[Collected data entries]
-- Opening Marker --

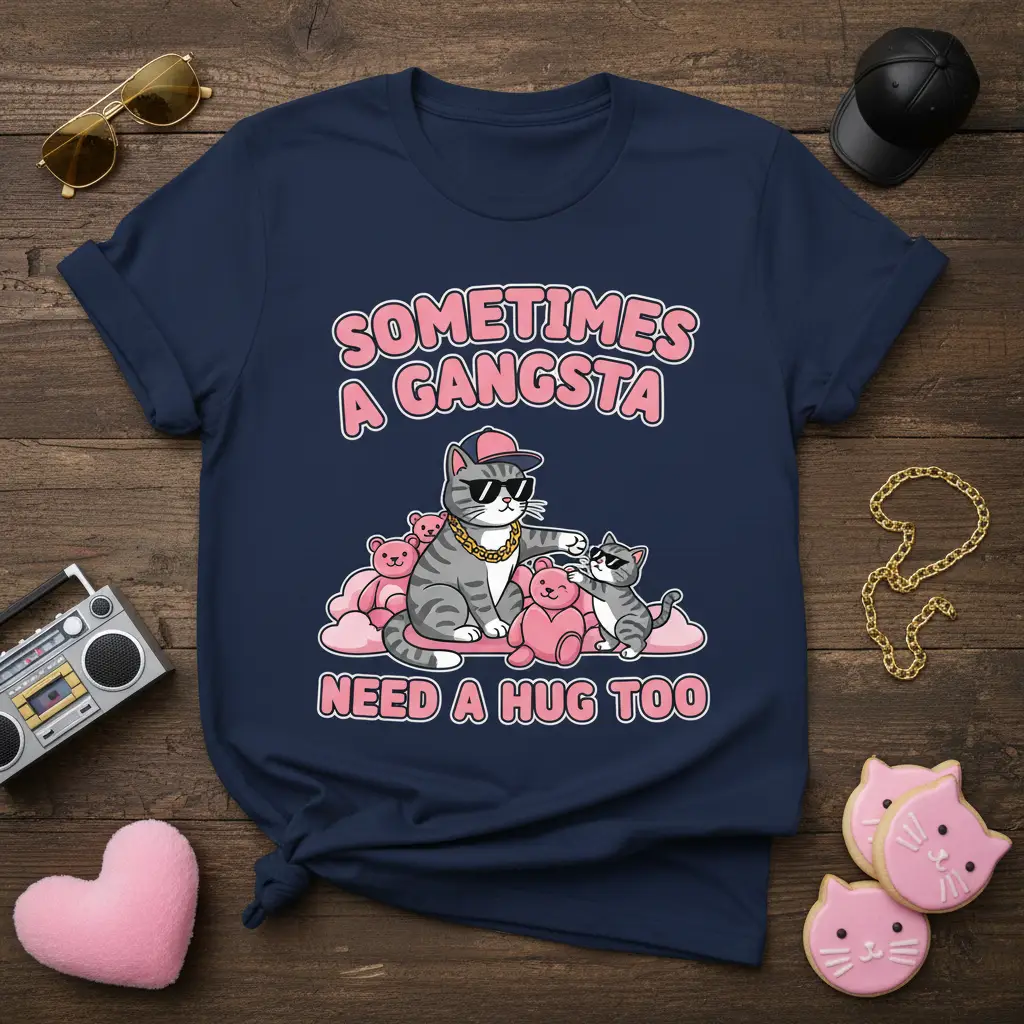 Sometimes A Gangsta Need A Hug Too, this phrase perfectly captures the adorable paradox of tough exteriors hiding soft hearts. This unique t-shirt design is a fantastic way to express that sentiment, featuring a cool cat that embodies both swagger and sweetness. It’s designed for those who appreciate a touch of humor and a whole lot of charm in their wardrobe. The eye-catching graphic and relatable quote make it a standout piece for any casual occasion, sparking smiles and conversations wherever you go.
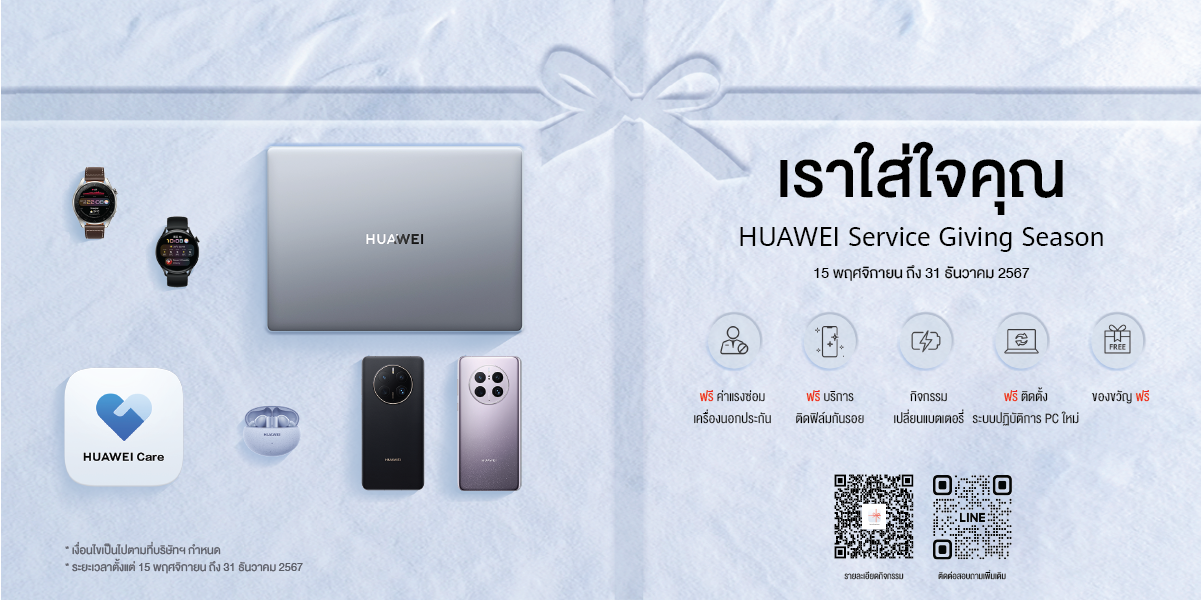 เริ่มแล้ววันนี้! แคมเปญสุดพิเศษส่งท้ายปี HUAWEI Service Giving Season มอบบริการที่ยอดเยี่ยมพร้อมสิทธิพิเศษแบบคุ้มค่า
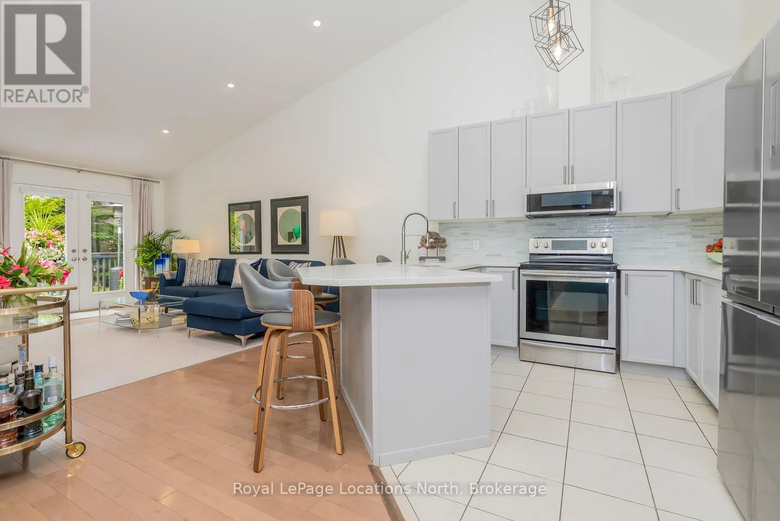 Cross Streets: Hwy 26 and Cranberry Trail West. ** Directions: HWY 26 to Cranberry Trail West to the end Green Briar Drive. Stylish Townhouse Beside the Golf Course in Collingwood. Incredible price, with over 2,150sq ft of finished space, and lots of storage, and a garage, this low-maintenance townhome combines modern upgrades with a prime location, making it a truly exceptional place to call home! This beautifully upgraded 3-bedroom townhouse is perfectly situated beside one of Collingwood's premier golf courses. Offering an upscale and easy lifestyle, this home is ideal for year-round living, a snowbird's off season home or as a weekend retreat. The main floor features a bright, open-concept layout with an upgraded kitchen boasting modern cabinetry, quartz countertops, and stainless steel appliances. The dining and living areas flow seamlessly, creating a warm and inviting space for entertaining or relaxing. Renovated bathrooms showcase contemporary finishes, adding a touch of luxury to everyday living. On the main floor you'll find 2 spacious bedrooms filled with natural light, including a primary suite with a private ensuite. The fully finished lower level offers a third bedroom, and versatile in-law suite with its own living area, bedroom, and bathroom, perfect for extended family, guests, or rental potential. Relax on your private deck for morning coffee or step outside and enjoy easy access to walking trails, golf, skiing, and the vibrant shops and restaurants of downtown Collingwood. For those who like to swim, or have guests who do, an outdoor pool is included in the amenities. Easy living, (and easy leaving) if you're primed for travel. Come see what Collingwood has to offer! (id:27476)
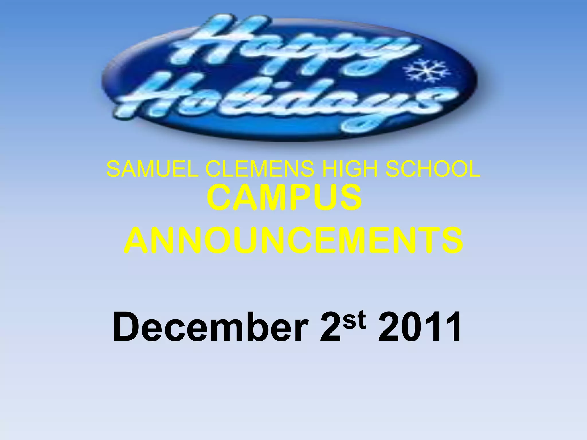 The Samuel Clemens High School campus announcements for December 2nd, 2011 include information about: paying library fines with canned goods for donations, an FFA meeting, a National Honor Society induction ceremony, the boys golf team winning a tournament, German calendars for sale, UIL spelling and vocabulary, an Angel Tree to help children, football players named to the all-district team, class rings being delivered, scholarships available, a cookie sale, an Optimist International essay contest, a lost and found, a holiday outfit contest for the yearbook, a dance team fundraiser, and bios and photos of contestants for a Mr. Clemens pageant.
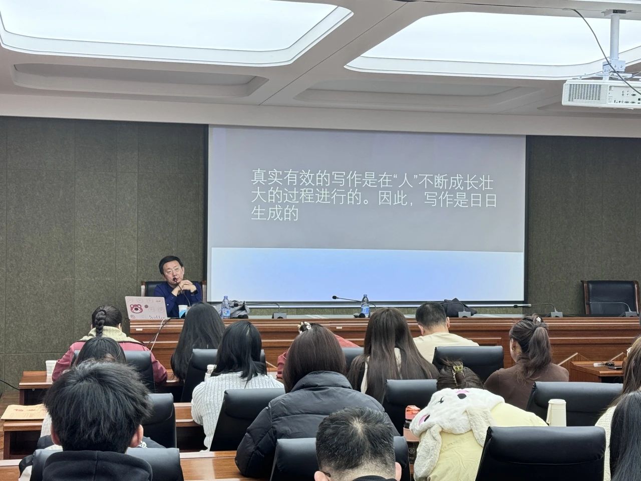 2024年11月23日上午,北京市特级教师,中国语文报刊协会写作教学专业委员会副理事长,中国教育学会“领航计划”专家连中国老师,为yl8cc永利官网师生作了题为“写作:人的完整即文的完整”的讲座。讲座由陆有富教授主持,相关专业教师和研究生聆听了讲座。
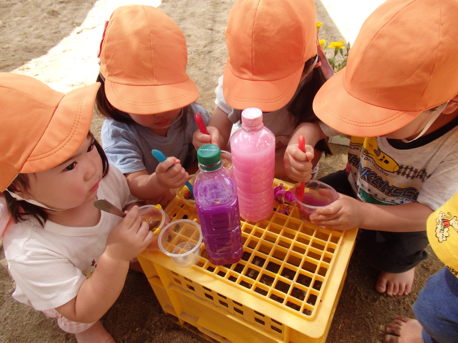 色水になってくると、「ぶどうジュースみたい!」「こっちはバナナジュースだ!」とフルーツのジュースに見立て始めた子どもたち。

-- Closing Marker --

**TASK TO COMPLETE:** Restate the data above word for word, omitting every picture.

**FINISHED EXERCISE:**
 Sometimes A Gangsta Need A Hug Too, this phrase perfectly captures the adorable paradox of tough exteriors hiding soft hearts. This unique t-shirt design is a fantastic way to express that sentiment, featuring a cool cat that embodies both swagger and sweetness. It’s designed for those who appreciate a touch of humor and a whole lot of charm in their wardrobe. The eye-catching graphic and relatable quote make it a standout piece for any casual occasion, sparking smiles and conversations wherever you go.
 เริ่มแล้ววันนี้! แคมเปญสุดพิเศษส่งท้ายปี HUAWEI Service Giving Season มอบบริการที่ยอดเยี่ยมพร้อมสิทธิพิเศษแบบคุ้มค่า
 Cross Streets: Hwy 26 and Cranberry Trail West. ** Directions: HWY 26 to Cranberry Trail West to the end Green Briar Drive. Stylish Townhouse Beside the Golf Course in Collingwood. Incredible price, with over 2,150sq ft of finished space, and lots of storage, and a garage, this low-maintenance townhome combines modern upgrades with a prime location, making it a truly exceptional place to call home! This beautifully upgraded 3-bedroom townhouse is perfectly situated beside one of Collingwood's premier golf courses. Offering an upscale and easy lifestyle, this home is ideal for year-round living, a snowbird's off season home or as a weekend retreat. The main floor features a bright, open-concept layout with an upgraded kitchen boasting modern cabinetry, quartz countertops, and stainless steel appliances. The dining and living areas flow seamlessly, creating a warm and inviting space for entertaining or relaxing. Renovated bathrooms showcase contemporary finishes, adding a touch of luxury to everyday living. On the main floor you'll find 2 spacious bedrooms filled with natural light, including a primary suite with a private ensuite. The fully finished lower level offers a third bedroom, and versatile in-law suite with its own living area, bedroom, and bathroom, perfect for extended family, guests, or rental potential. Relax on your private deck for morning coffee or step outside and enjoy easy access to walking trails, golf, skiing, and the vibrant shops and restaurants of downtown Collingwood. For those who like to swim, or have guests who do, an outdoor pool is included in the amenities. Easy living, (and easy leaving) if you're primed for travel. Come see what Collingwood has to offer! (id:27476)
 The Samuel Clemens High School campus announcements for December 2nd, 2011 include information about: paying library fines with canned goods for donations, an FFA meeting, a National Honor Society induction ceremony, the boys golf team winning a tournament, German calendars for sale, UIL spelling and vocabulary, an Angel Tree to help children, football players named to the all-district team, class rings being delivered, scholarships available, a cookie sale, an Optimist International essay contest, a lost and found, a holiday outfit contest for the yearbook, a dance team fundraiser, and bios and photos of contestants for a Mr. Clemens pageant.
 2024年11月23日上午,北京市特级教师,中国语文报刊协会写作教学专业委员会副理事长,中国教育学会“领航计划”专家连中国老师,为yl8cc永利官网师生作了题为“写作:人的完整即文的完整”的讲座。讲座由陆有富教授主持,相关专业教师和研究生聆听了讲座。
 色水になってくると、「ぶどうジュースみたい!」「こっちはバナナジュースだ!」とフルーツのジュースに見立て始めた子どもたち。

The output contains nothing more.